Geometries that lie on chunk boundaries are added to a separate queue, and whenever a tile is read, the view on the tile representing the chunk of that geometry that lies within the tile is added to a queue. These views are combined by a separate worker task, and once all the information on a geometry has been read, it is processed by a second worker task.

However, this approach could potentially change. If we know the statistic is separable and associative (like a histogram with fixed bins, or mean, min, max, etc.), we could simply process the partial geometries in the same task that reads the tile, and recombine at the end. This would allow us to avoid the (cognitive) overhead of managing separate channels and worker tasks. But it would be a bit less efficient and less general over the space of zonal functions. It would, however, allow massive zonals - so eg

source
RangeExtractor.RecombiningTileOperationType
RecombiningTileOperation(f)

A tile operation that always passes f a fully materialized array over the requested range.

Contained ranges are instantly materialized and evaluated when encountered; relevant sections of shared ranges are put in the shared channel and set aside.

When all components of a shared range are read, then f is called with the fully materialized array.

Here, the combining function is simply an array mosaic. There is no difference between shared and contained operations.

source
RangeExtractor.SumTileOperationType
SumTileOperation()

An operator that sums the values in each range.

This can freely change the order of summation, so results may not be floating-point accurate every time. But they will be approximately accurate.

source
RangeExtractor.TileOperationType
TileOperation(; contained, shared, combine)
TileOperation(operation)

Create a tile operation that can operate on a TileState and return a tuple of results from the contained and shared ranges.

It calls the contained function on each contained range, and the shared function on each shared range.

contained and shared are called with the signature func(data, metadata), where data is a view of the tile data on the current range, and metadata is the metadata for that range.

combine is called with the signature combine(shared_results, shared_tile_idxs, metadata), where shared_results is an array of results from the shared function, shared_tile_idxs is an array of the tile indices that the shared results came from, and metadata is the metadata for that range.

If constructed with a single function, that function is used for both contained and shared operations.

Arguments

  • contained: Function to apply to contained (non-overlapping) regions
  • shared: Function to apply to shared (overlapping) regions

Examples

# Different functions for contained and shared regions
op = TileOperation(
    contained = (data, meta) -> sum(data),
    shared = (data, meta) -> sum(data),
    combine = (x, _u, _w) -> sum(x)
)

# Same function for all three
op = TileOperation((data, meta) -> mean(data))
source
RangeExtractor.TileStateType
TileState{N, TileType, RowVecType}
TileState(tile::TileType, tile_offset::CartesianIndex{N}, contained_rows::AbstractVector, shared_rows::AbstractVector)

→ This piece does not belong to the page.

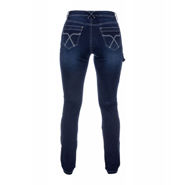 Удобные женские джинсы прямого кроя с зауженными штанинами и средней посадкой. Карман-карго на правом бедре для хранения ценных вещей. Высокая комфортность благодаря эластичности. Тёмная ткань и вышитый объёмный логотип на задних карманах. Состав: 79% хлопок, 19% полиэстер, 2% эластан.

A struct that holds all the state that is local to a single tile.

Fields

  • tile: The in-memory data of the tile.

  • tile_ranges: The ranges that the tile covers in the parent array

  • contained_ranges: The ranges of the rows that are fully contained in the tile

  • shared_ranges: The ranges of the rows that are only partially contained in the tile, i.e shared with other tiles

  • contained_metadata: The rows that are fully contained in the tile

  • shared_metadata: The rows that are only partially contained in the tile, i.e shared with other tiles

source
RangeExtractor.TilingStrategyType
abstract type TilingStrategy

Abstract type for tiling strategies. Must hold all necessary information to create a tiling strategy.

All tiling strategies MUST implement the following methods:

  • indextype(::Type{<: TilingStrategy}): Return the type of the index used by the tiling strategy. For example, FixedGridTiling returns CartesianIndex{N}. RTreeTiling might return a single integer, that corresponds to the R-tree node id.
  • get_tile_indices(tiling, range): Given a range, return the indices of the tiles that the range intersects.
  • tile_to_ranges(tiling, index): Given a tile index, return the ranges that the tile covers.
  • split_ranges_into_tiles(tiling, ranges): Given a set of ranges, return three dictionaries:
    • A dictionary mapping tile indices to the indices of the ranges that the tile fully contains (Ints).
    • A dictionary mapping tile indices to the indices of the ranges that the tile shares with one or more other ranges (Ints).
    • A dictionary mapping the indices of the shared ranges (Ints) to the tile indices that contain them.
source
RangeExtractor._nothing_or_viewMethod
_nothing_or_view(x, idx)

Return view(x, idx) if x is not nothing, otherwise return nothing.

This is made so that we can have metadata=nothing, and have it still work with broadcast.

source
RangeExtractor.allocate_resultMethod
allocate_result(operator, data, ranges, metadata, strategy)

Allocate a result array for the given extraction operation.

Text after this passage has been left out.